Data extract
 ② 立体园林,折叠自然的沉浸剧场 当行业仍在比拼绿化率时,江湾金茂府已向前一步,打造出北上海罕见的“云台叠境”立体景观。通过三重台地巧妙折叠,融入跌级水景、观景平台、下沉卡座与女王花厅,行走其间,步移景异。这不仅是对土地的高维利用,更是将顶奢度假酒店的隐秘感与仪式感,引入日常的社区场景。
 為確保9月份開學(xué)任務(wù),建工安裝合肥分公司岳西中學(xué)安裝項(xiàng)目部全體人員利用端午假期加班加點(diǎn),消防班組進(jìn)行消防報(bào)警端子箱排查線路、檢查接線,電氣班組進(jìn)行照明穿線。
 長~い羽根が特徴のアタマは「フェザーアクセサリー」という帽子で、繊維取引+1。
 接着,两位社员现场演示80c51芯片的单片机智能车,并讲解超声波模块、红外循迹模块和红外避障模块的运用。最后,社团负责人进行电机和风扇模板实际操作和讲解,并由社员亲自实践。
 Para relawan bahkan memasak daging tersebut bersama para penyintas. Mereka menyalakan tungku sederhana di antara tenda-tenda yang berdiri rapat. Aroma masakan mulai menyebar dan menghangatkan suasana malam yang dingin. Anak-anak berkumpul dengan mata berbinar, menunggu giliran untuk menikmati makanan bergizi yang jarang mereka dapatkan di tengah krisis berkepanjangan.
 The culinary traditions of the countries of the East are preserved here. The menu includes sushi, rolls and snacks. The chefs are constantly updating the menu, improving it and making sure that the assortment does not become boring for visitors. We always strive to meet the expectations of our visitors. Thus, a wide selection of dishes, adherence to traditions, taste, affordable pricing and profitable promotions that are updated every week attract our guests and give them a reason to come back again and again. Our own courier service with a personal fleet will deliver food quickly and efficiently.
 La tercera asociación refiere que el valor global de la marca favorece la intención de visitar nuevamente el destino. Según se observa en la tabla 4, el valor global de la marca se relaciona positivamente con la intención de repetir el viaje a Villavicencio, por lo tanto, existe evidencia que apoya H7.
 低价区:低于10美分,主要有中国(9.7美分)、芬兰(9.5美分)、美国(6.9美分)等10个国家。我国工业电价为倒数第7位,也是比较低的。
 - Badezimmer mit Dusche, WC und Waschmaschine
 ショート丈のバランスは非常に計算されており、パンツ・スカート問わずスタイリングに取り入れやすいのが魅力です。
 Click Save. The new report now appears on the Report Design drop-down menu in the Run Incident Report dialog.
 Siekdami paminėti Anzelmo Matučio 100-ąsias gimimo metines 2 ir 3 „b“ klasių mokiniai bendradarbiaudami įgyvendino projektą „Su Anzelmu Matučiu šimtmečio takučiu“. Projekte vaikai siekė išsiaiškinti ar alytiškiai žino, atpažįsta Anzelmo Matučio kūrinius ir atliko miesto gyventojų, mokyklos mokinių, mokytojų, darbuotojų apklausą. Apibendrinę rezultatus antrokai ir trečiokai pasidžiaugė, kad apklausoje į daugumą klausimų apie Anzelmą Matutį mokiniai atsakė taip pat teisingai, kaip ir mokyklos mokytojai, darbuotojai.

Exercise instructions
In the records above, retype exactly the lines from the one with "The culinary traditions" through the last one.

Solution for this exercise
 The culinary traditions of the countries of the East are preserved here. The menu includes sushi, rolls and snacks. The chefs are constantly updating the menu, improving it and making sure that the assortment does not become boring for visitors. We always strive to meet the expectations of our visitors. Thus, a wide selection of dishes, adherence to traditions, taste, affordable pricing and profitable promotions that are updated every week attract our guests and give them a reason to come back again and again. Our own courier service with a personal fleet will deliver food quickly and efficiently.
 La tercera asociación refiere que el valor global de la marca favorece la intención de visitar nuevamente el destino. Según se observa en la tabla 4, el valor global de la marca se relaciona positivamente con la intención de repetir el viaje a Villavicencio, por lo tanto, existe evidencia que apoya H7.
 低价区:低于10美分,主要有中国(9.7美分)、芬兰(9.5美分)、美国(6.9美分)等10个国家。我国工业电价为倒数第7位,也是比较低的。
 - Badezimmer mit Dusche, WC und Waschmaschine
 ショート丈のバランスは非常に計算されており、パンツ・スカート問わずスタイリングに取り入れやすいのが魅力です。
 Click Save. The new report now appears on the Report Design drop-down menu in the Run Incident Report dialog.
 Siekdami paminėti Anzelmo Matučio 100-ąsias gimimo metines 2 ir 3 „b“ klasių mokiniai bendradarbiaudami įgyvendino projektą „Su Anzelmu Matučiu šimtmečio takučiu“. Projekte vaikai siekė išsiaiškinti ar alytiškiai žino, atpažįsta Anzelmo Matučio kūrinius ir atliko miesto gyventojų, mokyklos mokinių, mokytojų, darbuotojų apklausą. Apibendrinę rezultatus antrokai ir trečiokai pasidžiaugė, kad apklausoje į daugumą klausimų apie Anzelmą Matutį mokiniai atsakė taip pat teisingai, kaip ir mokyklos mokytojai, darbuotojai.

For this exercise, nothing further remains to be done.